▶ What you will do:
Word-for-word transcription: reproduce all of the data, but not the pictures.

▶ Recorded data:

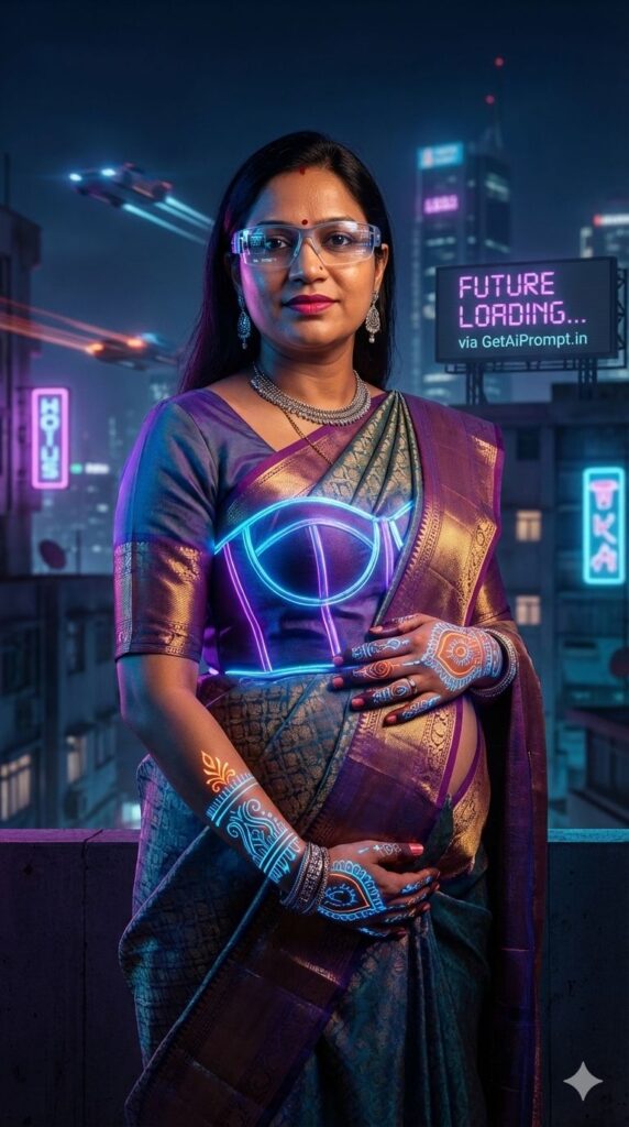 [CRITICAL: ensure the subjects have a 100% identical facial structure, skin tone, and features as the reference image provided] [SHOT TYPE: Fashion portrait, medium shot, high contrast] [SUBJECT:] A pregnant Indian woman in a futuristic fusion outfit: A traditional silk saree draped over a neon-lit corset top. She wears smart glasses and metallic silver jewelry. [ACTION:] Standing confidently against a futuristic cityscape background, holding her bump with hands that have glowing neon mehendi patterns. [BRANDING:] A futuristic digital billboard in the blurred background displays a scrolling text: "FUTURE LOADING... via GetAiPrompt.in". [ENVIRONMENT:] A rooftop at night overlooking a cyberpunk-style Indian city (like futuristic Mumbai), with flying vehicle trails and neon signs. [LIGHTING:] Dual-tone lighting: Blue and purple neon light from the background mixed with a warm key light on her face. [TECH SPECS:] Sci-fi editorial style, sharp focus, vibrant neon colors, incredibly detailed skin texture under colored light, 8K. --ar 9:16
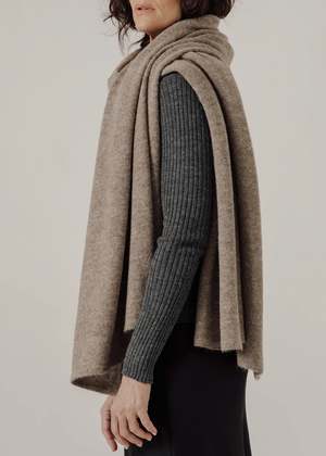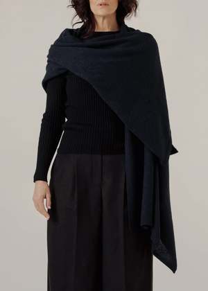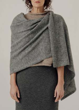 BARE Knitwear's Travel Wrap is crafted from the finest baby alpaca fibers and dyed with oeko-tex certified, low impact dyes. The Travel Wrap features a generous size that transitions effortlessly into a shawl or lap blanket, a lightweight jersey knit that makes it easy to pack into a tote and provides exceptional comfort and warmth without the bulk, and ribbed edge finishes. one size - 76.75" x 29.5" 100% baby alpaca dry clean ethically made in Lima, Peru
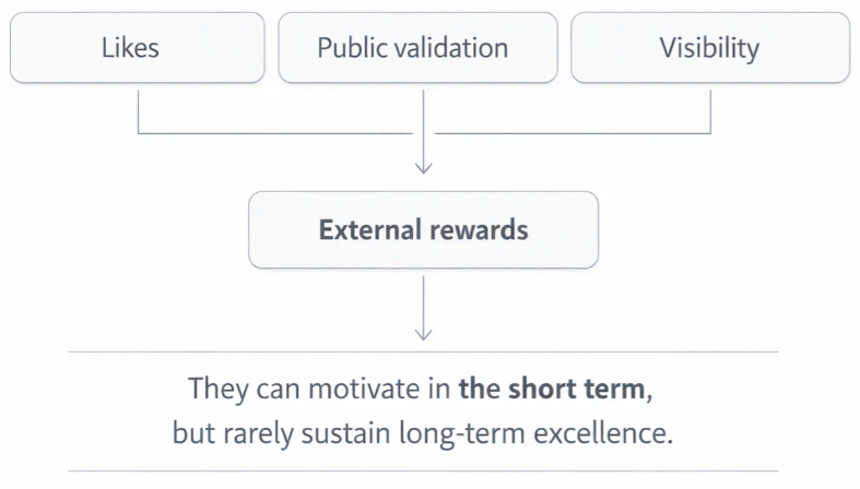 Another very interesting framework is the Self-Determination Theory developed by Edward Deci and Richard Ryan. This was also a domain where I had little knowledge before exploring it. Their research shows that sustainable motivation depends on autonomy, competence, and relatedness. When behavior is driven mainly by external rewards — approval, recognition, applause — intrinsic motivation decreases.

▶ Your solution:
 [CRITICAL: ensure the subjects have a 100% identical facial structure, skin tone, and features as the reference image provided] [SHOT TYPE: Fashion portrait, medium shot, high contrast] [SUBJECT:] A pregnant Indian woman in a futuristic fusion outfit: A traditional silk saree draped over a neon-lit corset top. She wears smart glasses and metallic silver jewelry. [ACTION:] Standing confidently against a futuristic cityscape background, holding her bump with hands that have glowing neon mehendi patterns. [BRANDING:] A futuristic digital billboard in the blurred background displays a scrolling text: "FUTURE LOADING... via GetAiPrompt.in". [ENVIRONMENT:] A rooftop at night overlooking a cyberpunk-style Indian city (like futuristic Mumbai), with flying vehicle trails and neon signs. [LIGHTING:] Dual-tone lighting: Blue and purple neon light from the background mixed with a warm key light on her face. [TECH SPECS:] Sci-fi editorial style, sharp focus, vibrant neon colors, incredibly detailed skin texture under colored light, 8K. --ar 9:16
 BARE Knitwear's Travel Wrap is crafted from the finest baby alpaca fibers and dyed with oeko-tex certified, low impact dyes. The Travel Wrap features a generous size that transitions effortlessly into a shawl or lap blanket, a lightweight jersey knit that makes it easy to pack into a tote and provides exceptional comfort and warmth without the bulk, and ribbed edge finishes. one size - 76.75" x 29.5" 100% baby alpaca dry clean ethically made in Lima, Peru
 Another very interesting framework is the Self-Determination Theory developed by Edward Deci and Richard Ryan. This was also a domain where I had little knowledge before exploring it. Their research shows that sustainable motivation depends on autonomy, competence, and relatedness. When behavior is driven mainly by external rewards — approval, recognition, applause — intrinsic motivation decreases.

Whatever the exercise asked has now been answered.